J’ai déjà eu à le préciser. Les discussions ont porté essentiellement sur les mesures d’apaisement préalables aux négociations. Elles ont été très sérieuses. Nous avons eu le sentiment que le président Condé qui, avant d’accéder au pouvoir, a fait l’expérience d’une opposition difficile, nous a compris. Voilà pourquoi, il a dépêché à Lomé, son conseiller personnel, le Ministre d’Etat Tibou Camara pour aider à la réalisation des mesures d’apaisement dont nous lui avons remis la liste.

Les premières mesures vous satisfont-elles ?

Si vous évoquez la libération des imams de Sokodé et de Bafilo, le vendredi 08 décembre courant, nous ne pouvons que nous en féliciter. Mais beaucoup reste à faire. Nous attendons les libérations des jeunes de l’ANC, détenus depuis 5 ans, dans le cadre de cette sordide affaire des incendies des marchés de Lomé et de Kara. Nous attendons également la libération de tous les autres détenus ainsi que ceux de la société civile.

Quelle est votre réaction après la conférence de presse du gouvernement, le jeudi 07 décembre dernier ?

Les affirmations contenues dans la déclaration liminaire procèdent d’un déni de la réalité. Pour moi, cette conférence de presse a été un exercice inutile qui n’a fait qu’exacerber la tension. Le gouvernement prétend vouloir prendre des mesures d’apaisement dans le même temps qu’il annonce le procès des personnes détenues dans le cadre de l’affaire des incendies des marchés, personnes dont il sait très bien qu’elles ne sont coupables de rien. Drôles de démarches d’apaisement. Le plus grave est que le gouvernement annonce qu’il va inviter les partis politiques pour discuter du cadre des négociations. Il oublie qu’il n’est qu’un des protagonistes de la crise et que le médiateur ghanéen s’est déjà chargé de cela.

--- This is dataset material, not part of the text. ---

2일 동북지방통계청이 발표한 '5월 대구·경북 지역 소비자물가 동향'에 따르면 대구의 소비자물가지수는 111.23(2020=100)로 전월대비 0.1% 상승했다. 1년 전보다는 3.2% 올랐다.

A quand finalement le début du dialogue ?

Quand toutes les mesures figurant sur la liste remise au président Condé seront effectives. Elles constituent un ensemble dont chaque élément a une importance égale à celle de l’autre.

Que répondez-vous à ceux qui estiment que vos préalables bloquent l’ouverture des discussions?

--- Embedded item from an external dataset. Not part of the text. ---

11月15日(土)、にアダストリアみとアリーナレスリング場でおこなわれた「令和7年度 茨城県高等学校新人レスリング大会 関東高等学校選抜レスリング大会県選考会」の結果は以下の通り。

Celui qui tente de critiquer l’extrême prudence dont nous faisons preuve est un doux rêveur. Ne pas savoir tirer les leçons de l’expérience est impardonnable. En politique plus que dans la vie, la naïveté peut être fatale.

Je ne souhaite à personne d’être injustement jeté en prison. Mais ceux qui tiennent les propos irresponsables dont vous faites état, seront bien contents, le jour où ils se trouveront malheureusement dans cette situation, que des compatriotes se préoccupent de leur sort et se battent pour leur libération.

Depuis quelques semaines, le chef de l’État est bien présent un peu partout dans le pays. Que répondez- vous à ceux qui pensent que pendant que vous marchez, Faure Gnassingbé travaille ?

Que ce n’est pas parce que nous marchons que nous ne travaillons pas. D’ailleurs, c’est justement parce que nous travaillons que les populations se mobilisent aussi massivement à notre appel. Au demeurant, ce sont les sorties massives des populations dans les rues sur l’étendue du territoire qui contraignent le Chef de l’Etat à parcourir le pays, pour tenter de sauver un régime aux abois, rejeté sans appel du dedans comme du dehors !

Un message à l’endroit des Togolais ?

Je rends tout d’abord hommage au Peuple togolais pour sa détermination et pour les sacrifices qu’il consent quotidiennement pour faire aboutir sa lutte. Je lui demande de faire confiance au regroupement des 14 partis de l’opposition qui œuvrent à la réalisation des aspirations de tous. Nous devons tous demeurer extrêmement vigilants pour faire la part des choses, face aux ruses du pouvoir et de certains individus missionnés pour déstabiliser la mobilisation populaire. Car à l’étape actuelle de notre lutte commune, aucun des représentants des 14 ne saurait rien faire d’autre que de défendre et d’obtenir les revendications clairement exprimées par les Togolaise et les Togolais qui se mobilisent massivement dans les rues au Togo et à l’étranger.

J’appelle donc l’ensemble des populations à répondre massivement au rendez-vous des manifestations de cette semaine, les mercredi 13, jeudi 14 et samedi 16 décembre 2017.